Около 1820 года балтийский немец на службе в российском флоте, капитан Фердинанд Врангель, по пути в Русскую Америку посетил Якутск. Там он застал большую ярмарку, где меха обменивались на зерно, табак и водку. Все русские в этом городе занимались пушной торговлей; охотники, ремесленники и возчики в городе были якутами. Большинство их было крещеными, и даже иконы в пяти церквах города были написаны якутами. Тем не менее, отмечал Врангель, они сохраняли и обычаи шаманизма. Богатые русские семьи нанимали якутских нянь для своих детей. Многие здесь были смешанного происхождения и говорили по-якутски и по-русски, да и выглядели одинаково: и русские, и якуты носили традиционную меховую одежду, которая помогала выживать в арктическом климате.
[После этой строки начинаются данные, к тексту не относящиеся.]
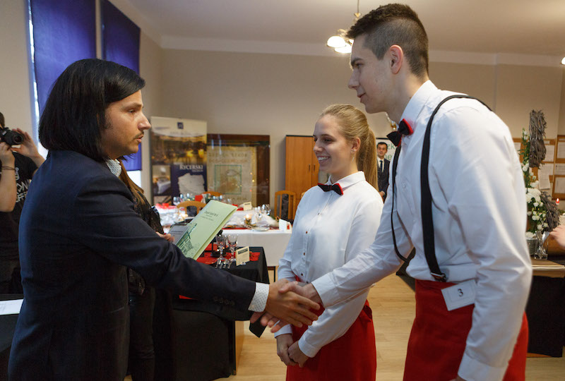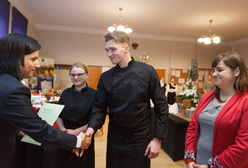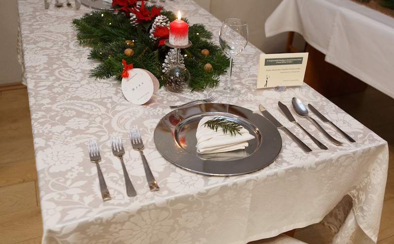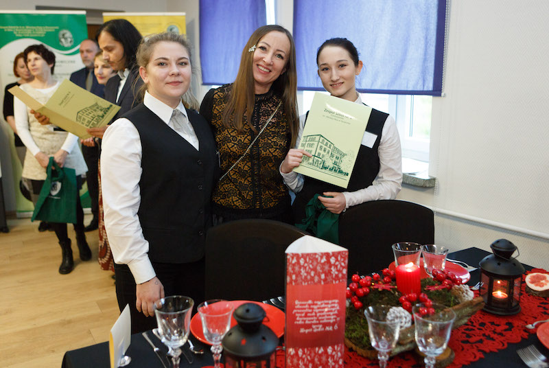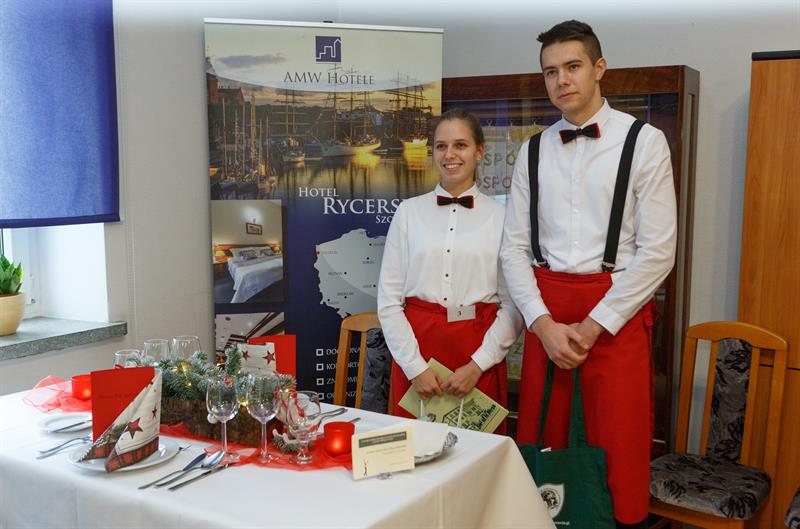Rozstrzygnięto także konkurs sztuki kelnerskiej pod hasłem "Coraz bliżej święta", w którym spośród zespołów z pięciu zachodniopomorskich szkół, nagrodzono najlepszych. Pierwsze miejsce zajęli uczniowie ZS1 w Koszalinie: Sandra Matuszak i Filip Jabłoński (na zdjęciu), drugie - Oliwia Frydrych i Klaudia Przybysz z ZSP w Kamieniu Pomorskim, a trzecie Paula Czerniawska i Weronika Gotowiecka z ZS6 w Szczecinie. Nagrodzeni uczniowie wykazali się największą wiedzą w zakresie nakrywania stołu oraz umiejętnościami w podawaniu dań.©℗

Похожей была и их диета: сухая рыба перерабатывалась в муку, из которой пекли хлеб и пироги, потому что зерно было слишком дорого. Перед нами картина богатой культурной гибридизации, в которой влияния идут в обе стороны, потомки шаманов пишут православные иконы, хлеб пекут из рыбы, а светское общество вместо французского говорит на якутском:
Первоначальным воспитанием здешнего юношества объясняется с первого взгляда странным кажущееся явление, что даже в несколько высшем кругу общества якутский язык играет почти столь же главную роль, какую французский в обеих наших столицах. Это обстоятельство крайне поразило меня на одном блестящем праздничном обеде, который давал богатейший из здешних торговцев мехами в именины своей жены. Общество состояло из областного начальника, почетнейшего духовенства, чиновников и некоторого числа купцов, но большая часть разговоров была так испещрена фразами из якутского языка, что я, по незнанию его, принимал в беседе весьма слабое участие (Врангель 1841: 171).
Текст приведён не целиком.